How HLA Typing and Matching Are Performed
The process of determining compatibility begins with HLA typing, a genetic test to identify the specific HLA markers in both the patient and the potential donor. Modern HLA typing primarily relies on DNA-based molecular analysis techniques for high resolution. The sample (typically blood or a cheek swab) is sent to a specialized laboratory to extract the DNA.
The most common method involves Polymerase Chain Reaction (PCR), which amplifies the DNA segments encoding the HLA molecules. This amplified DNA is then analyzed using methods like Sequence-Specific Oligonucleotide Probing (SSOP) or Next-Generation Sequencing (NGS) to determine the exact sequence of the HLA genes. NGS is often used due to its ability to simultaneously sequence many fragments and define the specific alleles (variant forms of the gene).
Matching is focused on specific HLA loci, which are grouped into Class I (HLA-A, HLA-B, and HLA-C) and Class II (HLA-DR, HLA-DQ, and HLA-DP). A typical compatibility score is determined by comparing the alleles at these six main loci. Since two alleles are counted for each locus (one from each parent), a perfect match results in a 12/12 score. For many procedures, the score is often reported based on the HLA-A, -B, -C, and -DRB1 loci, aiming for a 6/6 or 8/8 match as the ideal scenario.

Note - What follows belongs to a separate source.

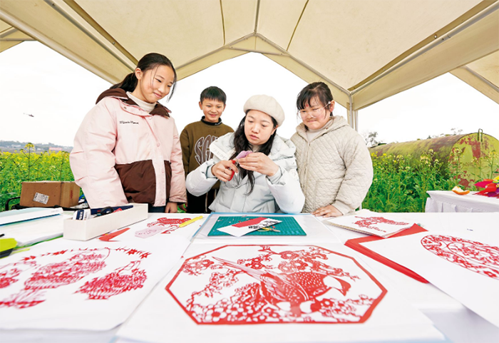 在非遗手作工坊,剪纸艺人和糖画师傅现场展示传统手工艺,游客纷纷动手尝试,感受传统文化的魅力。在农趣运动区,游客们参与拔河、挑扁担等传统运动,体验农耕生活的乐趣。

The goal of HLA matching is to achieve the highest possible number of shared alleles between the donor and recipient. A higher match is strongly associated with a reduced risk of complications and improved long-term graft survival. Even a single mismatch at certain loci, such as HLA-A, -B, -C, or -DRB1, can significantly increase the risk of severe GVHD and mortality in stem cell transplants.
Clinical Applications of HLA Compatibility
The required stringency of HLA matching differs depending on the type of transplant. Hematopoietic Stem Cell Transplants (HSCT), including bone marrow transplants, demand the most precise matching because they involve transferring immune cells. A near-perfect match, such as 8/8 or 10/10 at the major loci, is sought for unrelated donors to minimize the risk of severe GVHD.
Solid Organ Transplants (such as kidney or heart transplants) benefit from HLA matching but tolerate a less stringent match. While compatibility improves long-term outcomes, the successful use of immunosuppressive drugs allows these transplants to proceed even with mismatches. Matching in solid organ transplants primarily prevents the recipient’s immune system from rapidly destroying the organ.
HLA typing is a prerequisite for listing patients and donors on national and international registries to find unrelated compatible donors. The use of cord blood as a source of stem cells is advantageous because the cells are less mature and may allow for a less stringent match, sometimes requiring only a 4/6 match.